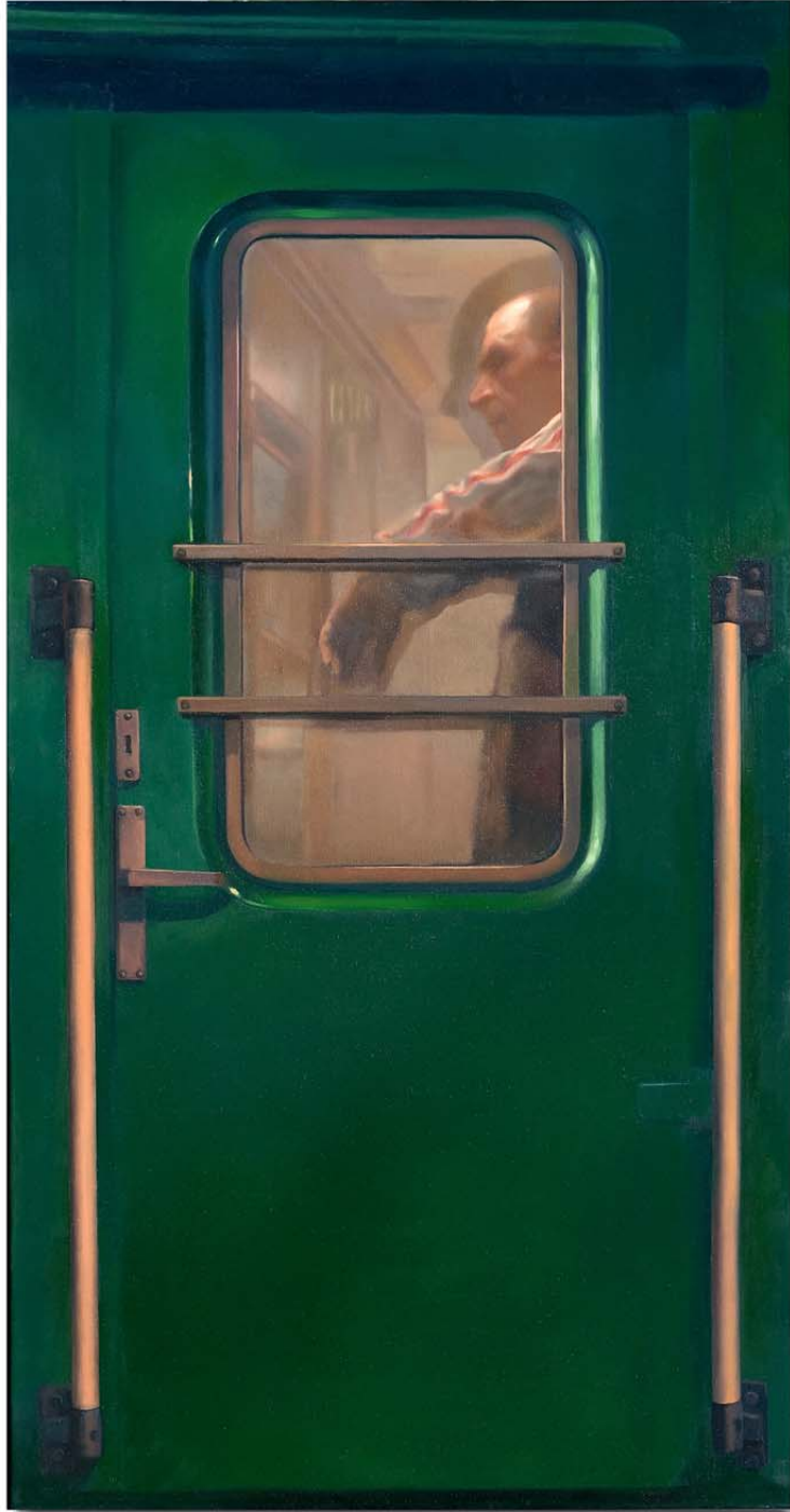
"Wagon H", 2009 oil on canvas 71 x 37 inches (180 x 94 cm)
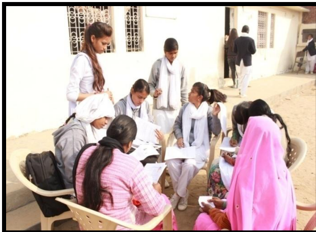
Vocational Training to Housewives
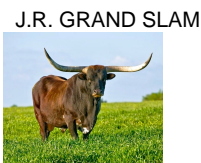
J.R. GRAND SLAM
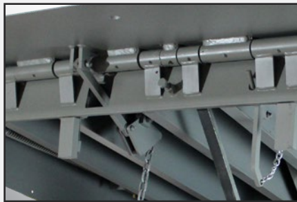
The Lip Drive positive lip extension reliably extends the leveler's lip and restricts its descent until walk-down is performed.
========================================================================
Prompt -
Repeat nothing but the lines from the one containing "J.R. GRAND SLAM" through the last line of the listing, both included, exactly as written, and omit any picture.

Solution to the problem -
J.R. GRAND SLAM
The Lip Drive positive lip extension reliably extends the leveler's lip and restricts its descent until walk-down is performed.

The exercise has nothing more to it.